Filed under: Random thoughts — Xiao at 3:54 pm on Thursday, January 24, 2008

I am almost certain that I have two personalities, two very extreme personalities, and I didn't remember the existence of the party-going, rock music-loving me until last saturday. Like two sides of a coin, but one cannot exist without the other. It takes little amount of mastery to learn switching between the two and use them for different situations. But it would be even better perhaps if I could tap into the advantages of each any time I see the need.

Church Tax

Filed under: Random thoughts — Xiao at 4:10 pm on Tuesday, January 8, 2008

Interesting discussion about religion over lunch. So apparently in Germany and Austria if you declared yourself as Roman Catholic or Protestant you'd have to pay a certain percentage of your income each month to the church. And if you weren't working, you'd still have to pay, if you declared your religion as such. This is obligatory, and only if you left the church would you be free from church tax. But why? Shouldn't these things be voluntary? I mean of course these funds wouldn't be channelled into just the upkeep of the church, but also other useful activities and programmes (apparently churches receive 70% of church tax). But it sounds to me like extortion in the name of religion. And shouldn't church and state be two separate entities?

"…particularly in Europe, is the tax some national governments impose on income on behalf of the state church. Austria, Germany, the Nordic countries and Switzerland all have such a church tax, though in the chart it is included only in the cases of Denmark and Switzerland. One may ask whether the church tax really is a ‘tax’ as defined by international organisations: a compulsory, unrequited payment to general government."

http://www.oecdobserver.org/news/fullstory.php/aid/77/The_income_taxes_people_really_pay.html 

"The church tax is only paid by members of the respective church. People who are not member of a church tax-collecting denomination do not have to pay it. Members of a religious community under public law may formally declare their wish to leave the community to state (not religious) authorities. With such a declaration, the obligation to pay church taxes ends. Some communities refuse to administer marriages and burials of (former) members who had declared to leave it."

http://en.wikipedia.org/wiki/Church_tax 

Ma Colère

Filed under: Deliberating — Xiao at 10:22 am on Friday, January 4, 2008

The anger is creeping in again, seeping through tissues, mingling with blood, coarsing through veins.
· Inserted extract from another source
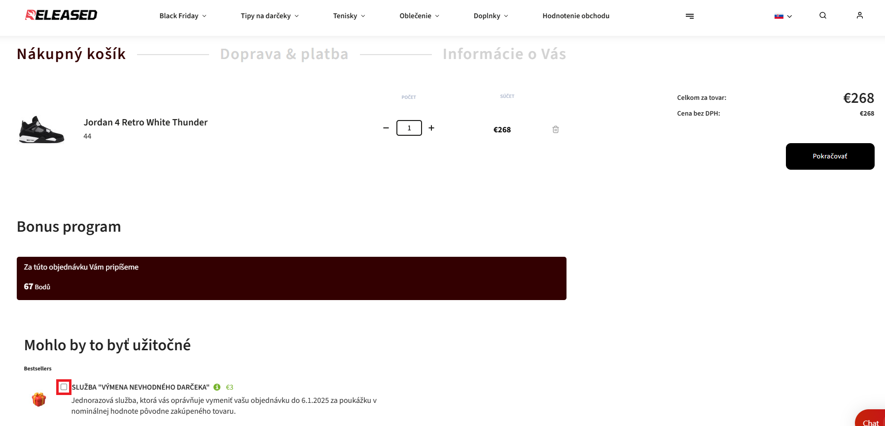 1. Pridajte ho ako ďalší produkt do košíka (pozri obrázok nižšie). Musíte naň kliknúť a potom sa zobrazí vo vašom košíku.
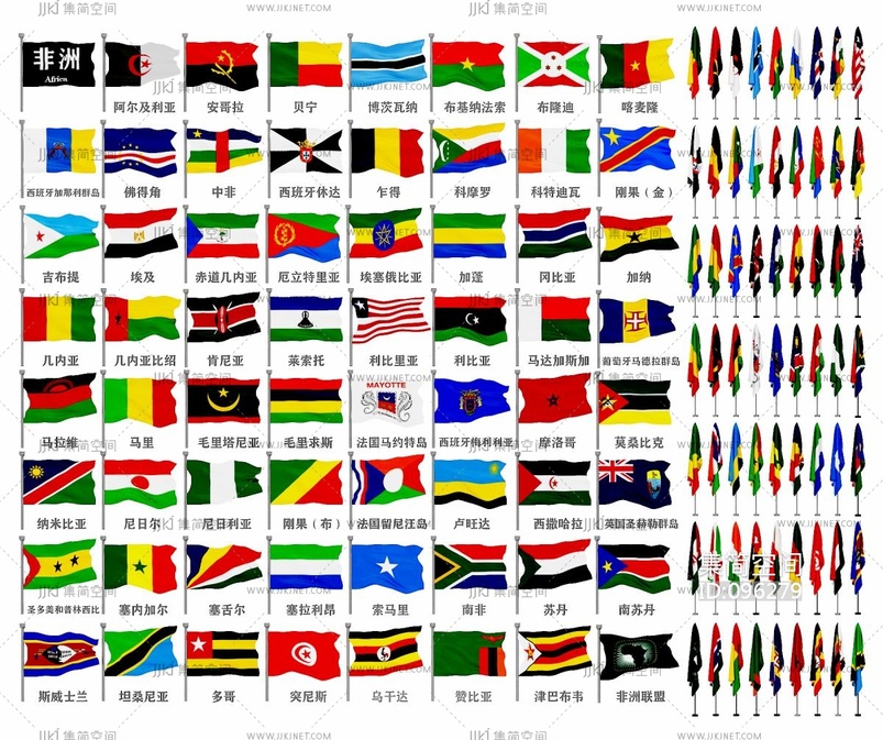 现代非洲各国国旗 3d模型下载 [模型ID:96279]

The mind is indeed a very powerful tool – because that's where the anger comes from, it comes from within, conjured by the mind to be, at the beginning, an illusion but then silently realising its presence and then its potential. Then acquiring a character of its own and formidable as it is, it bursts through the floodgates of patience, worn thin and weary from strain, and in an instant unleashes itself unto the thoughtless victim, who is not quite the subject of the speaker but on the contrary the speaker itself – thoughtless, mindless and lost in the inner world of passion and emotion.

This anger is inconsiderate; it is selfish and abhorrs any attention bestowed upon the interests of others. It professes that it acts in the interest of the self, speaks for the rights of the self, but in actuality is concerned with establishing its presence. It feels it must be seen and heard as the self. All this while the internal struggle continues such that the outsider is faced with a series of accusations, some true some false. The mind eventually loses its ability to reason and is then convinced that this anger is justified. This is the start of a situation that walks down a one-way street to the point of no return.